The film, which stars Paul Mescal and Denzel Washington, is a sequel to the Oscar-winning Russell Crowe-led film from 2000.
The trailer features a number of dramatic sequences, including one scene in which the Colosseum in Rome is flooded and filled with sharks.
Dr Shadi Bartsch, a classics professor at the University of Chicago with degrees from Princeton, Harvard and UC Berkeley told The Hollywood Reporter the idea is “total Hollywood bulls***.”
“I don’t think Romans knew what a shark was,” added Dr Bartsch, although she did acknowledge that the Romans really did fill the Colosseum with water in order to hold naval battles in the arena.

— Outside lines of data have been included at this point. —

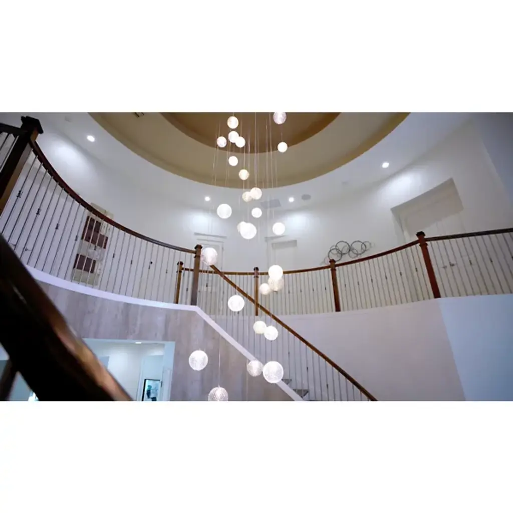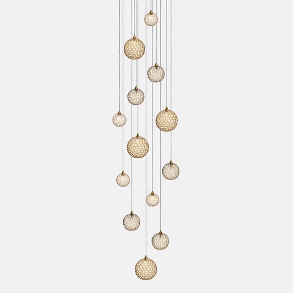 The eyes bounce back and forth between the dotting blown glass volumes of the Mod MD13 Multi-Light Pendant from Shakuff. This Shakuff-designed piece reflects their approach of balancing art and craft to enhance the natural beauty of light. Here, Shakuff takes a page from mid-century modern design, using a spherical shape for its light-softening shades. The glass shades are handblown using traditional techniques and decorated with perforations evocative of a mesh pattern. This pattern translates to a graphic silhouette as a radiant glow passes through it for a great atmosphere. The delightful globes adjust to one's lighting needs with a fine, streaming suspension.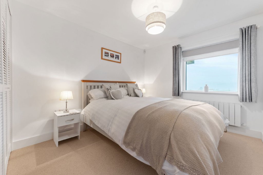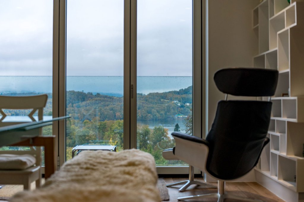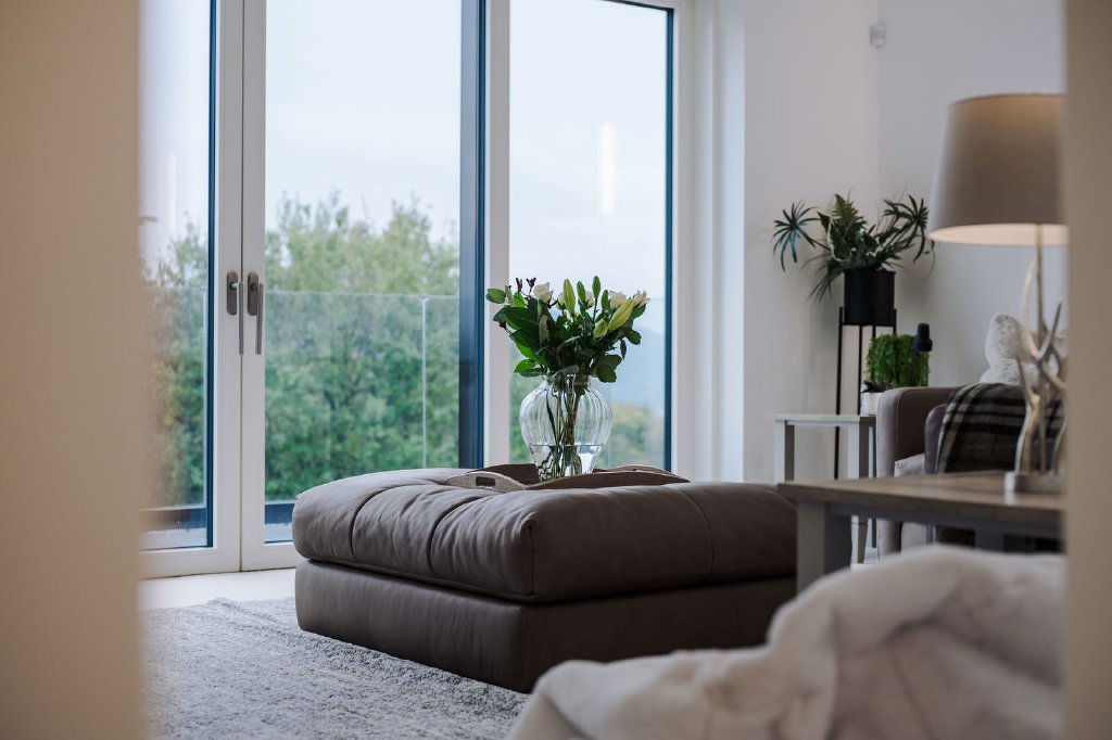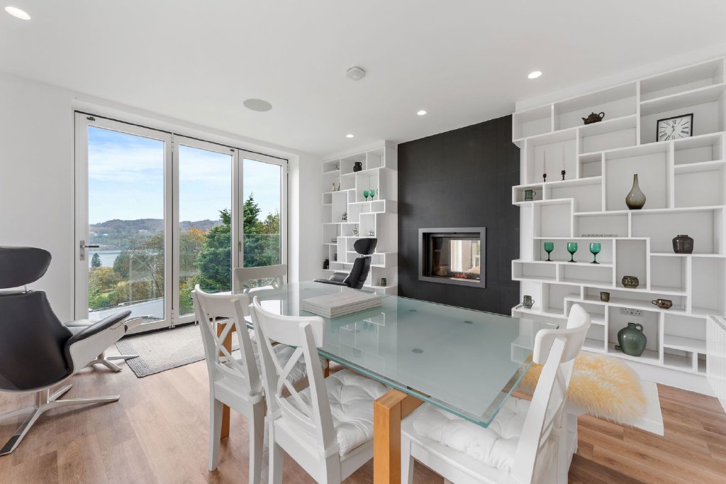 Make your way up to the first floor where you will find the home’s exceptional main living space. The dining kitchen is the perfect space for more formal occasions and entertaining guests, with a comprehensive amount of built in wall and base units, NEFF oven and grill, microwave, built in fridge and freezer, integrated NEFF dishwasher and an additional great space for dining with family or friends, with an outlook to the lake and fells from the bi-folding patio doors and a log burner for those colder nights. This bespoke Stuv multi fuel stove has been customised to be divided between the living room and the dining kitchen to create a cosy atmosphere and was designed to be cost effective for heating both living spaces at the same time, it also comes with a barbeque grill enabling food to be cooked on the fire’s radiant heat. The living room is the properties showstopper, with the spectacular views from the large balcony, this space certainly creates more cosy and intimate occasions, with the added benefit of the double sided wood burning stove. From the living room, there is an additional versatile room with built in cupboards, currently used as an office space, but could also be used as a single bedroom, a games room, a small gym or even a snug. To finish off the first floor is a convenient WC/cloakroom, including washbasin, WC and heated towel rail.
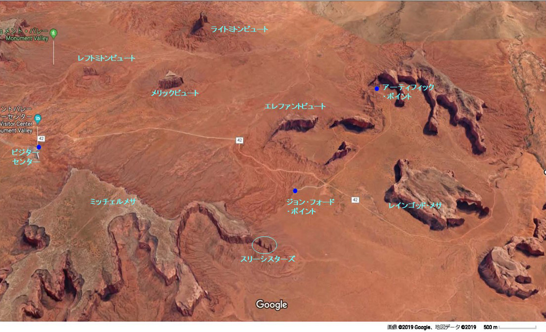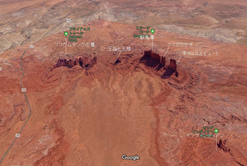 左手前:メリックビュート、その奥:センチネルメサ、右:ライトミトンビュート、遠方は左から、イーグルロック、ビッグインディアン、ブリガムヤングの墓、駅馬車など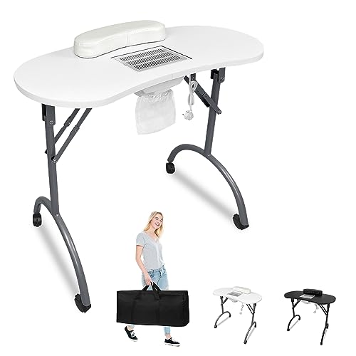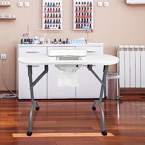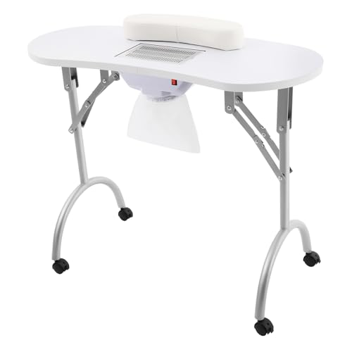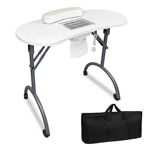 YARDIN Nagelbord manikyrbord med sug, vitt mobilmanchanikyrbord, vikbart med nageldammsugare, hjul och handledskudde för dammutsugning, nagelstudio, 90 x 37 x 77 cm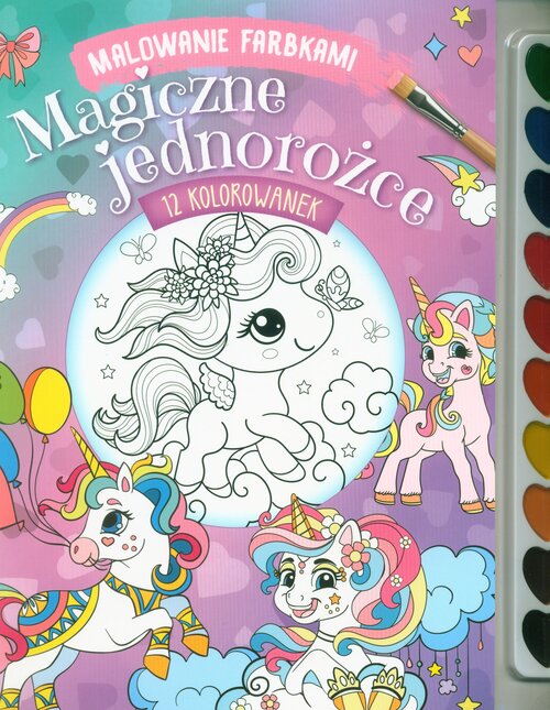 Kolorowanka z zestawem farb i pędzelkiem do malowania! Puść wodze fantazji, chwyć pędzelek do ręki i nadaj czarno-białym obrazkom niesamowite barwy. Kartki możesz wyrwać i ozdobić nimi pokój — Twoje dzieła pozostaną z Tobą na długo!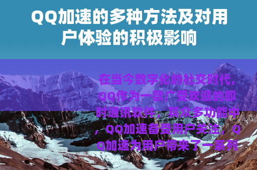 在当今数字化的社交时代,QQ作为一款广受欢迎的即时通讯软件,其众多功能中,QQ加速备受用户关注,QQ加速为用户带来了一系列的好处,丰富了用户的使用体验。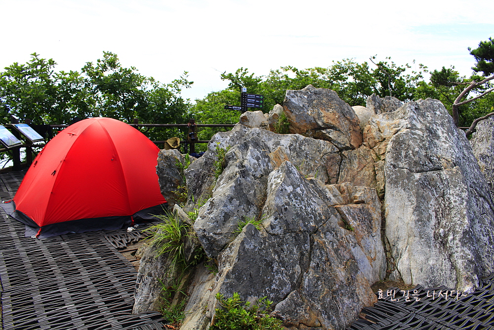 등로에 올라서면 상징처럼 서 있는 돌탑과 막걸리와 지짐, 냉커피 등을 파는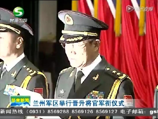 2014年7月7日下午,兰州军区隆重举行晋升将官军衔仪式,兰州军区司令员刘粤军宣读了中央军委习近平主席签署的晋升命令,兰州军区政委苗华主持晋衔仪式。(甘肃卫视视频截图)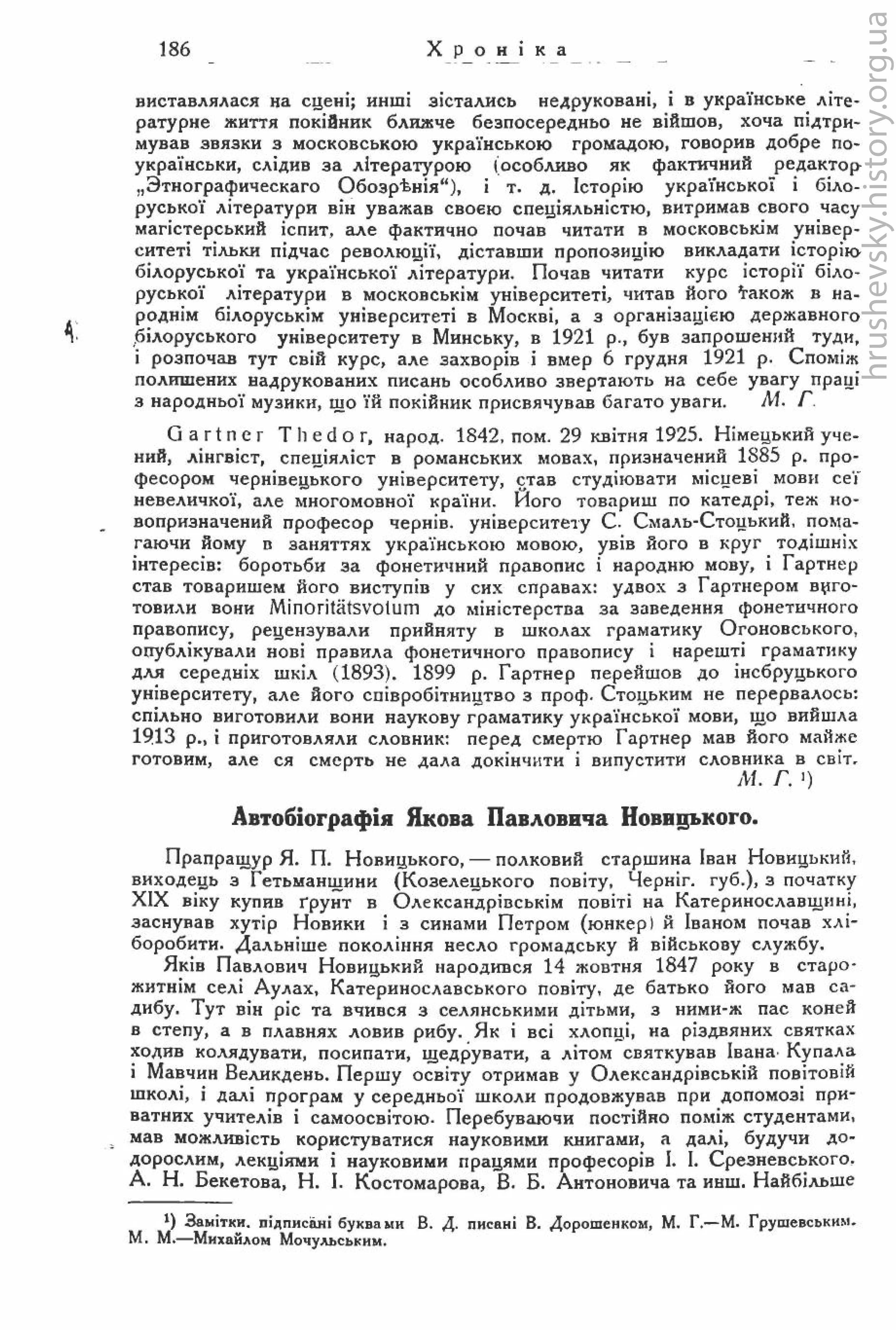 | 2. |  | Грушевський Михайло Сергійович Gartner Theodor: [некролог] // Україна : Науковий двохмісячник українознавства : Орган Історичної секції Академії (б. Українського Наукового Товариства в Київі) : Державне видавництво України, 1925. - Кн. 6 (15). - С. 186 |  Бібліотека  |

Another scene, which sees rhinos charging into the Colosseum, is partially true. Dr Bartsch explained that the Roman poet Martial “wrote a poem in 80 AD about a rhinoceros tossing a bull up to the sky,” but it would have been a single-horned rhino, rather than the two-horn breed featured in the film, and there is no evidence that gladiators attempted to ride on their backs as the movie depicts.
A more blatant anachronism is the scene in which a Roman noble is depicted reading a morning newspaper while sipping tea in a cafe. The printing press would not be invented for another 1,200 years.
“They did have daily news – Acta Diuma – but it was carved and placed at certain locations,” explained Dr Bartsch. “You had to go to it, you couldn’t hold it at a cafe. Also, they didn’t have cafes!”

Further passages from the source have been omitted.